• _Aim of the exercise_: Every record below must be retyped exactly, with the pictures left out.

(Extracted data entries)
Segment Open
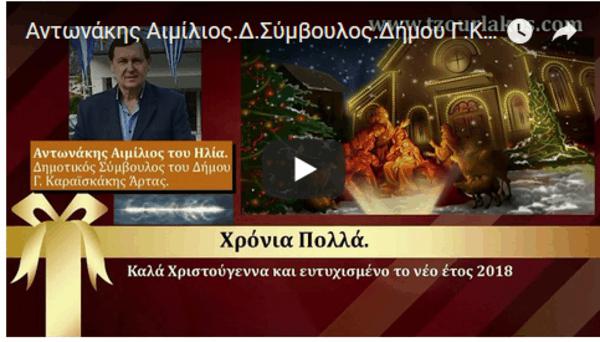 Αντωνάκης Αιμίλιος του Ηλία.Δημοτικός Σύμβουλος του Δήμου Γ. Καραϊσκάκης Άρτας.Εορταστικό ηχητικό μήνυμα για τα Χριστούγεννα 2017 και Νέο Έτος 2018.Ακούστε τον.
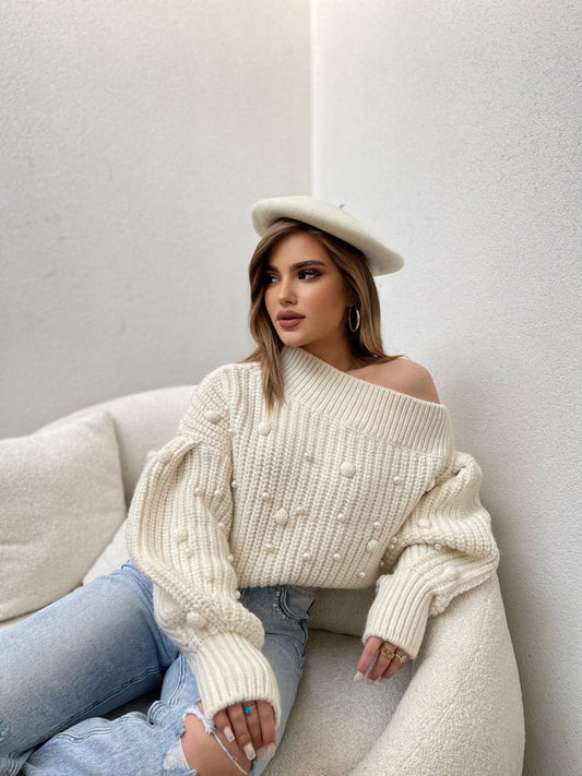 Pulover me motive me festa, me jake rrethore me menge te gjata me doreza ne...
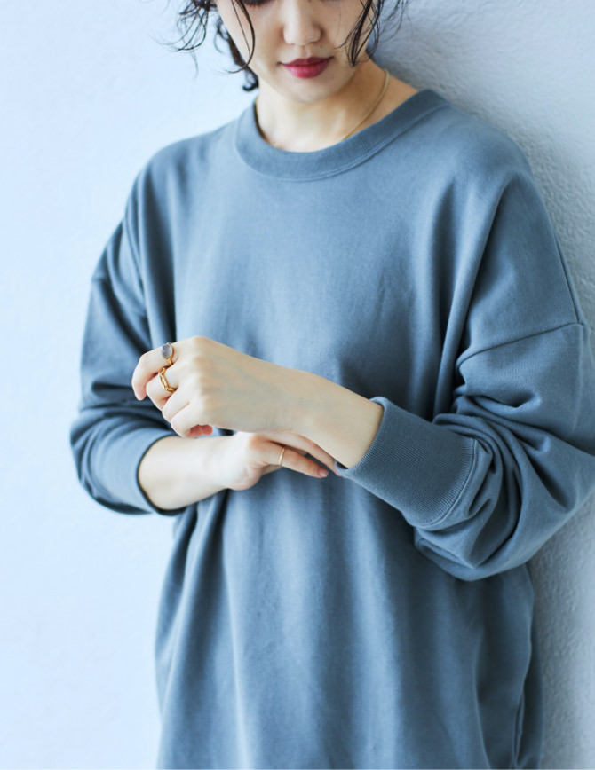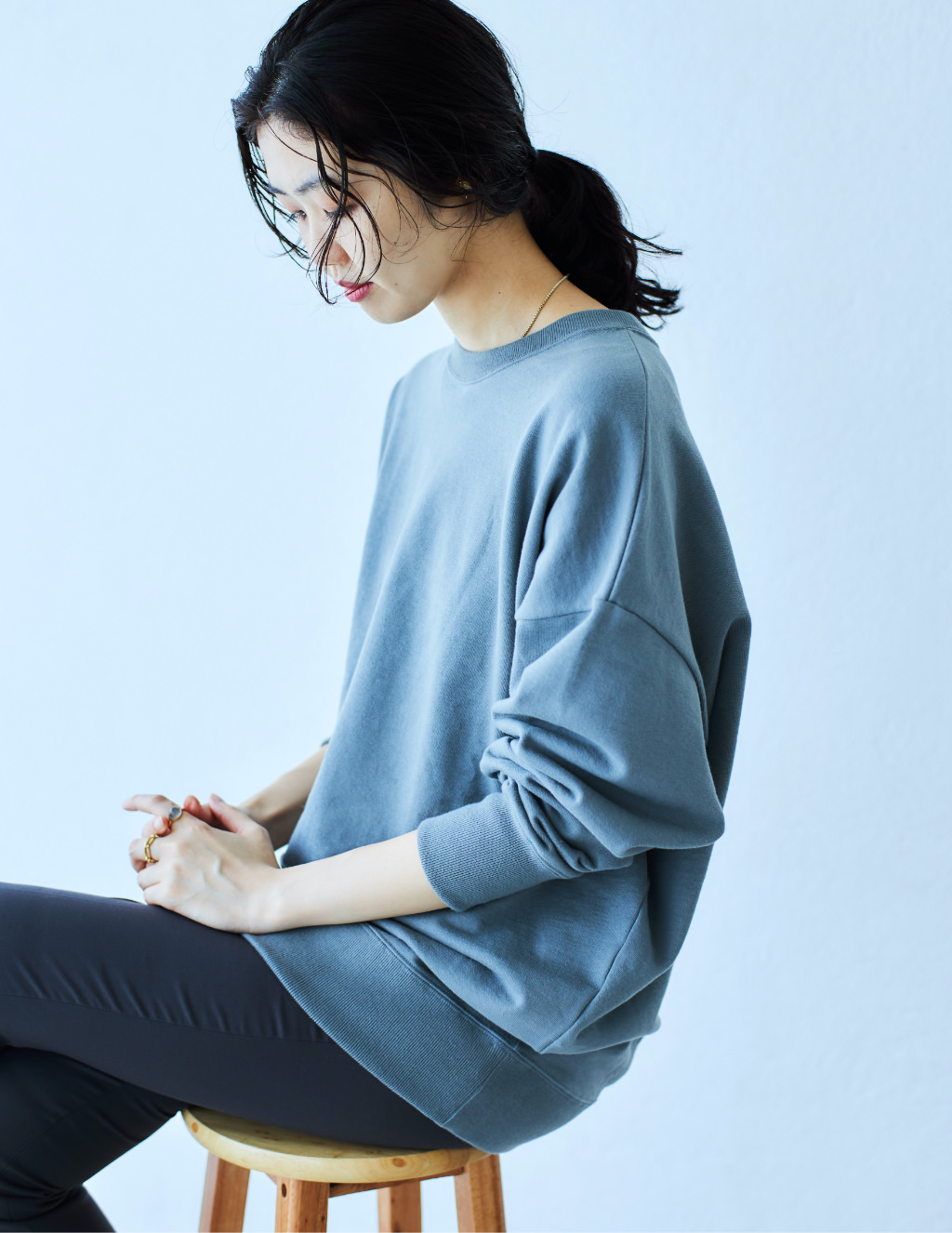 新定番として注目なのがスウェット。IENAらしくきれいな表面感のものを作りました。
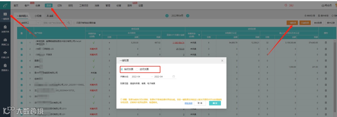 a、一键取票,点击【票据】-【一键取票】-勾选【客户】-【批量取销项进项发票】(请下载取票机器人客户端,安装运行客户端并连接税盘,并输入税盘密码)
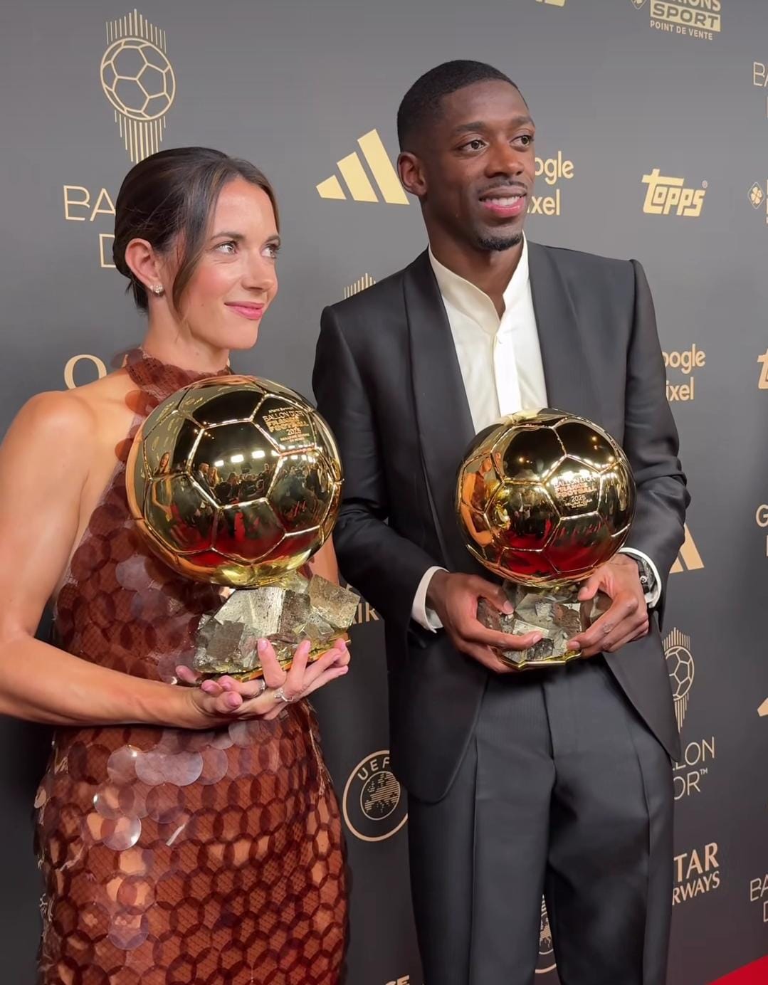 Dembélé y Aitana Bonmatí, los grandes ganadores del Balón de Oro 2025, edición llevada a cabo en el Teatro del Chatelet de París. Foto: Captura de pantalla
Segment Closed
• _Task output_:
 Αντωνάκης Αιμίλιος του Ηλία.Δημοτικός Σύμβουλος του Δήμου Γ. Καραϊσκάκης Άρτας.Εορταστικό ηχητικό μήνυμα για τα Χριστούγεννα 2017 και Νέο Έτος 2018.Ακούστε τον.
 Pulover me motive me festa, me jake rrethore me menge te gjata me doreza ne...
 新定番として注目なのがスウェット。IENAらしくきれいな表面感のものを作りました。
 a、一键取票,点击【票据】-【一键取票】-勾选【客户】-【批量取销项进项发票】(请下载取票机器人客户端,安装运行客户端并连接税盘,并输入税盘密码)
 Dembélé y Aitana Bonmatí, los grandes ganadores del Balón de Oro 2025, edición llevada a cabo en el Teatro del Chatelet de París. Foto: Captura de pantalla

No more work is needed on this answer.